▼

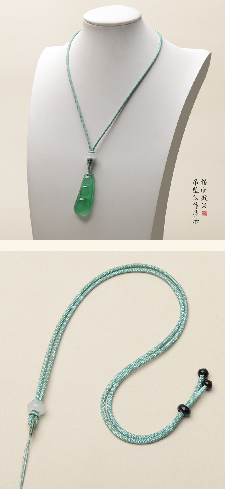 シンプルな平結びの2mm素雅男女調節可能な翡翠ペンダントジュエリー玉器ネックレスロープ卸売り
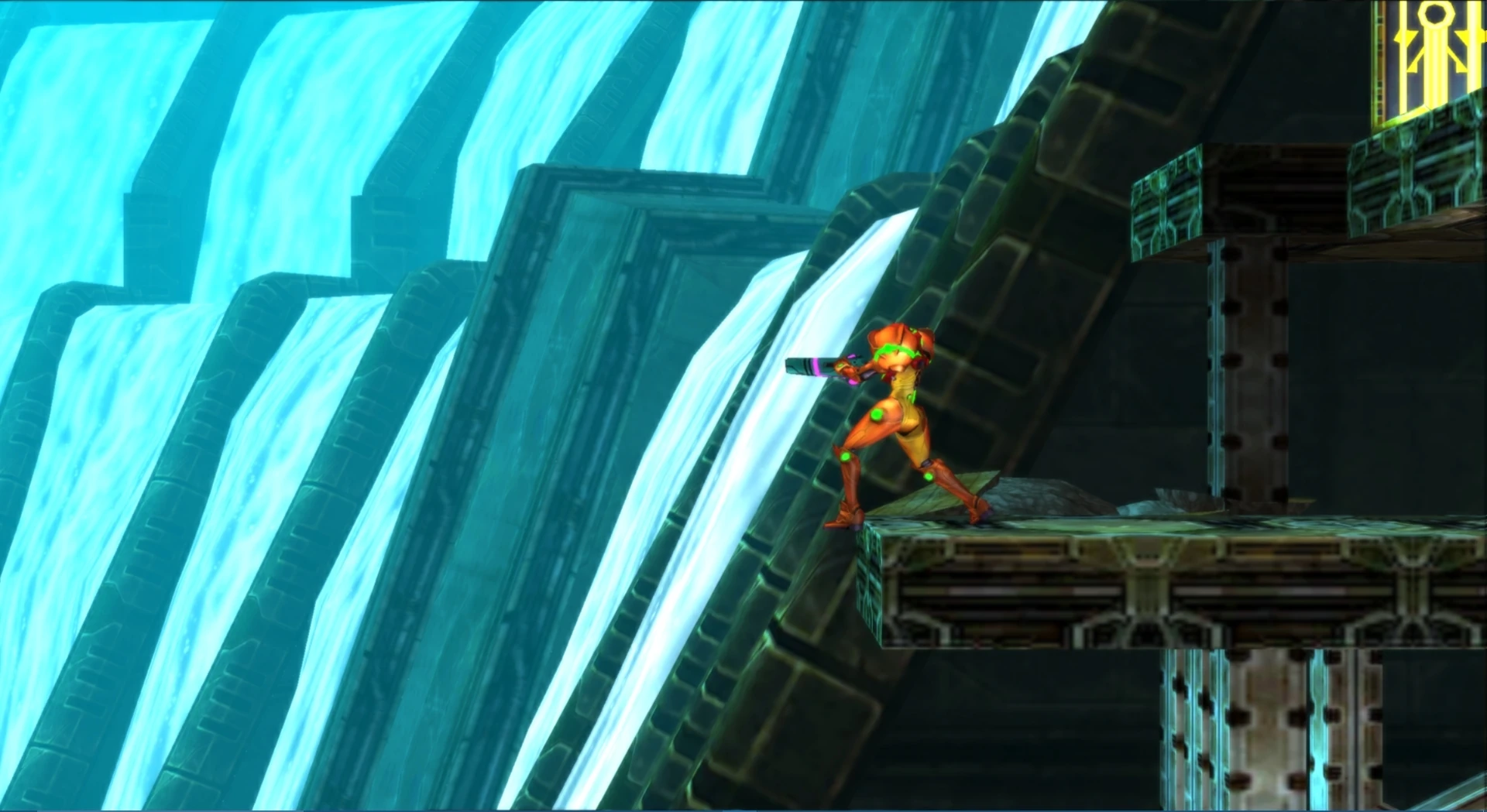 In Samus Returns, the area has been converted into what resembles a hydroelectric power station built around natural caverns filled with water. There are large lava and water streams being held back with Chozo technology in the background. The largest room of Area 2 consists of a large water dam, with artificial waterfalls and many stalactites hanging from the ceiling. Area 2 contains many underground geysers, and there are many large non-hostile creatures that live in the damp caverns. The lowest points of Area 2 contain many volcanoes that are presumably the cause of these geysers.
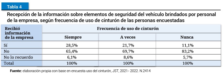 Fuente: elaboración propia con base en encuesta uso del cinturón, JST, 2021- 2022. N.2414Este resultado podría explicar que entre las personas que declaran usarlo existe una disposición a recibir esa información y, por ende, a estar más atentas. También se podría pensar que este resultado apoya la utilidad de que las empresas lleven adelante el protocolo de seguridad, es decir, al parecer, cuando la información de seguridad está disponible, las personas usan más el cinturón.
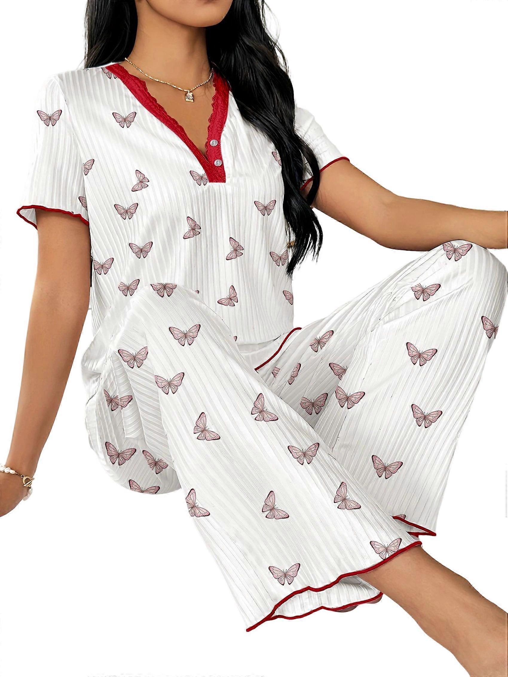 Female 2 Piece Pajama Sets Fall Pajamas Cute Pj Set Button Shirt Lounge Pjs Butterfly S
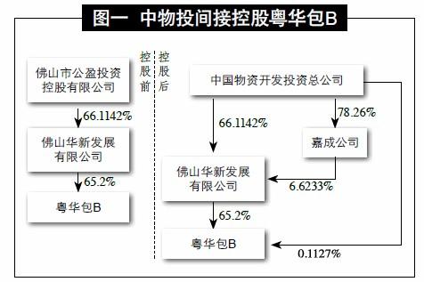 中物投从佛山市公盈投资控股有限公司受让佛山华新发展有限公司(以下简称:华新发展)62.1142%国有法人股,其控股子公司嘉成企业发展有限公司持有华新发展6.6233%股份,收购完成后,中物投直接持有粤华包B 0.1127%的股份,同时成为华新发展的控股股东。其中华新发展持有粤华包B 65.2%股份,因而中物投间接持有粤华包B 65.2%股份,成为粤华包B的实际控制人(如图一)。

▲
▼

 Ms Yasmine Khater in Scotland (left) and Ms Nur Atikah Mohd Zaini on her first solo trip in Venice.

▲
▼

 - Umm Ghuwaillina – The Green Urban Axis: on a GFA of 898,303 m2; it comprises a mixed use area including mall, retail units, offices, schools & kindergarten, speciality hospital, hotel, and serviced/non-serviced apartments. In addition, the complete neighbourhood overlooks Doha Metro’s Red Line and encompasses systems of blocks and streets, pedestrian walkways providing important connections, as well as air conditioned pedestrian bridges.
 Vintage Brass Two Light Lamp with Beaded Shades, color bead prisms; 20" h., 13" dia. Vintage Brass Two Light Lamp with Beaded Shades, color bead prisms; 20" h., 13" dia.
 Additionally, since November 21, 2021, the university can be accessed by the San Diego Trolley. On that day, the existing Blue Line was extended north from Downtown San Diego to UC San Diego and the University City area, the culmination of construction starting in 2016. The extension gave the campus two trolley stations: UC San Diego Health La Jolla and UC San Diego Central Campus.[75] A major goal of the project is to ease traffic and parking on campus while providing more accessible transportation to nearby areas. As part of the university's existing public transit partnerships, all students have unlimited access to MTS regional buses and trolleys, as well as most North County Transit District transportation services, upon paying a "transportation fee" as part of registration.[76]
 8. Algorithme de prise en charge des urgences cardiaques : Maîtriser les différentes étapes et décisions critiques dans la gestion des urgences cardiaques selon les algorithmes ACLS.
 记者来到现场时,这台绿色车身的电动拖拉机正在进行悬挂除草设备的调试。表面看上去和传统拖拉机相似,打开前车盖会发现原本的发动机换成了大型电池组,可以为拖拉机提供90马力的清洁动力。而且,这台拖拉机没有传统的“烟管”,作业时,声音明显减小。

▲

_Required action_:
Reproduce verbatim only the segment of the listing bounded by the line containing "- Umm Ghuwaillina" and the line containing "dia. Vintage Brass", with both boundary lines included.

_Expected output_:
 - Umm Ghuwaillina – The Green Urban Axis: on a GFA of 898,303 m2; it comprises a mixed use area including mall, retail units, offices, schools & kindergarten, speciality hospital, hotel, and serviced/non-serviced apartments. In addition, the complete neighbourhood overlooks Doha Metro’s Red Line and encompasses systems of blocks and streets, pedestrian walkways providing important connections, as well as air conditioned pedestrian bridges.
 Vintage Brass Two Light Lamp with Beaded Shades, color bead prisms; 20" h., 13" dia. Vintage Brass Two Light Lamp with Beaded Shades, color bead prisms; 20" h., 13" dia.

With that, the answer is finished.